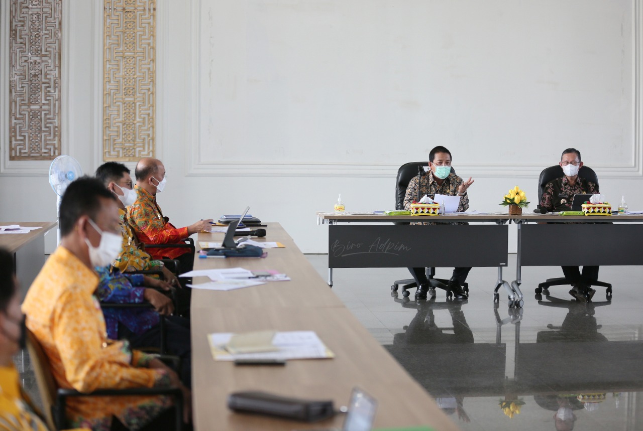 BANDARLAMPUNG (PeNa) – Gubernur Lampung Arinal Djunaidi memimpin Rapat Pembahasan Dukungan Kemudahan Investasi dan Ekspor Lampung, yang dilaksanakan di Mahan Agung, Bandarlampung, Kamis (15/4/2021).
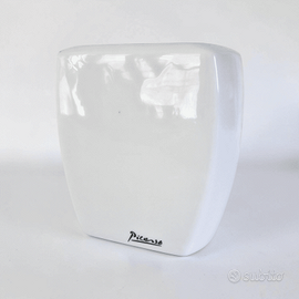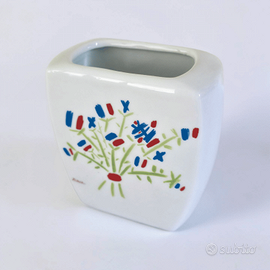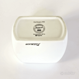 Questo vaso appartiene alla prestigiosa linea di oggettistica d'arte prodotta dall'italiana Tognana su licenza della Succession Picasso e di Museum Masters International (MMI). Soggetto: Riproduce la litografia a colori "Bouquet de Fleurs" (spesso commercializzata come "Petit Bouquet") del 21 aprile 1958. L'opera raffigura un mazzo di fiori stilizzati Caratteristiche: Realizzato in porcellana bianca con stampa serigrafica ad alta fedeltà che riproduce i colori primari (giallo, rosso, blu e verde). Autenticità: Reca la firma a stampa "Picasso" e la data "1958" sul lato; il fondo riporta il marchio Tognana, il logo MMI e la dicitura della licenza ufficiale.
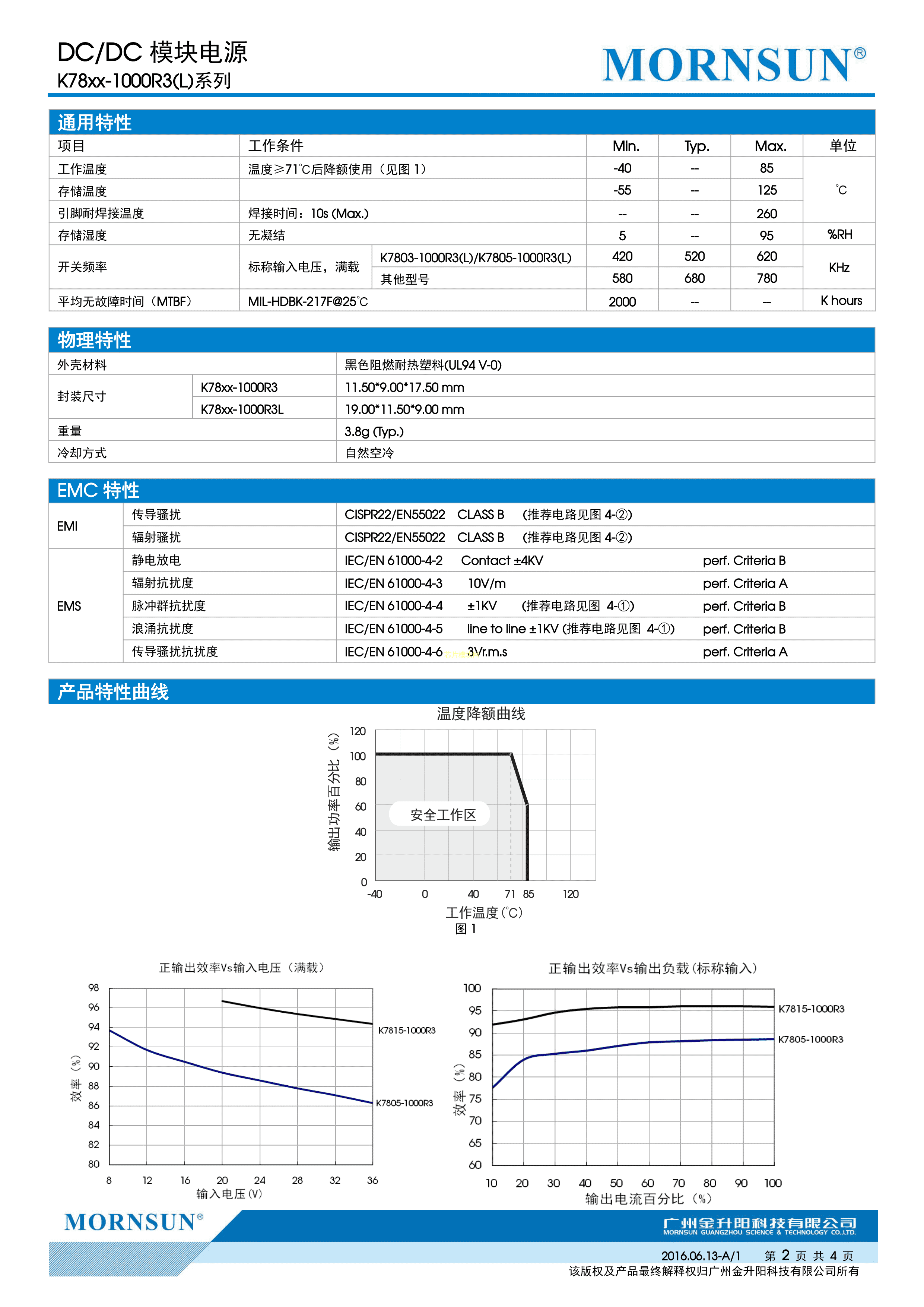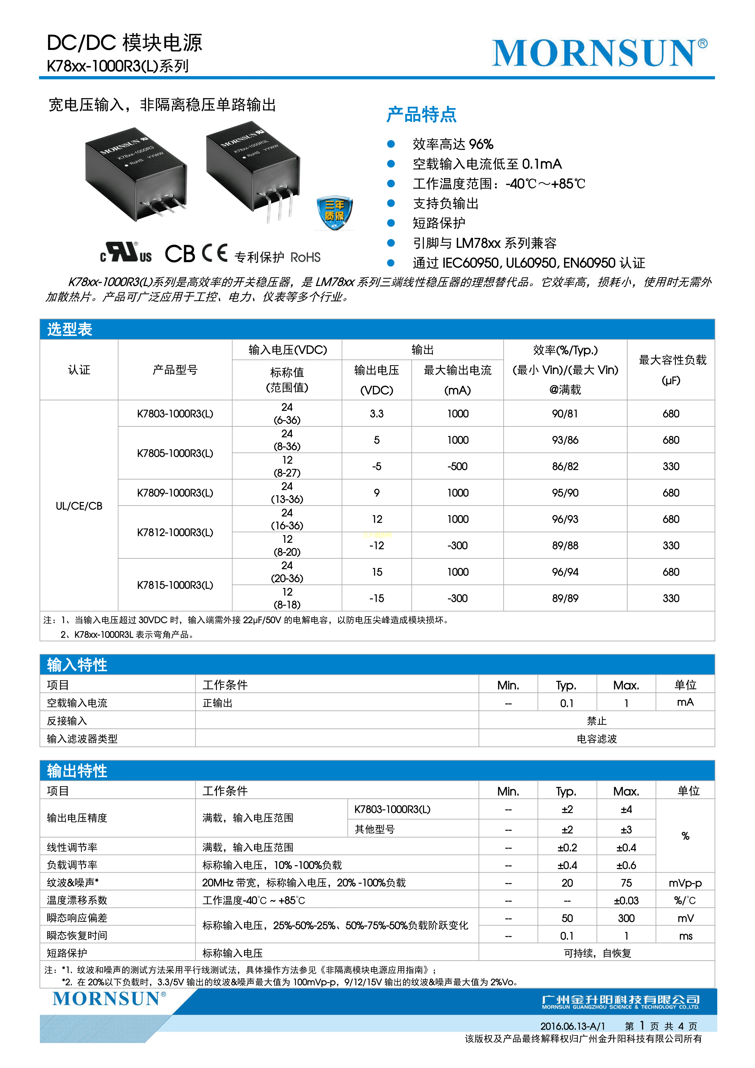 K7812-1000R3L数据手册插件封装MORNSUN(金升阳)PDF规格书,中英文下载
####################
How to complete this task
Return the material exactly as written, except for any pictures it holds.

Answer to the exercise
 BANDARLAMPUNG (PeNa) – Gubernur Lampung Arinal Djunaidi memimpin Rapat Pembahasan Dukungan Kemudahan Investasi dan Ekspor Lampung, yang dilaksanakan di Mahan Agung, Bandarlampung, Kamis (15/4/2021).
 Questo vaso appartiene alla prestigiosa linea di oggettistica d'arte prodotta dall'italiana Tognana su licenza della Succession Picasso e di Museum Masters International (MMI). Soggetto: Riproduce la litografia a colori "Bouquet de Fleurs" (spesso commercializzata come "Petit Bouquet") del 21 aprile 1958. L'opera raffigura un mazzo di fiori stilizzati Caratteristiche: Realizzato in porcellana bianca con stampa serigrafica ad alta fedeltà che riproduce i colori primari (giallo, rosso, blu e verde). Autenticità: Reca la firma a stampa "Picasso" e la data "1958" sul lato; il fondo riporta il marchio Tognana, il logo MMI e la dicitura della licenza ufficiale.
 K7812-1000R3L数据手册插件封装MORNSUN(金升阳)PDF规格书,中英文下载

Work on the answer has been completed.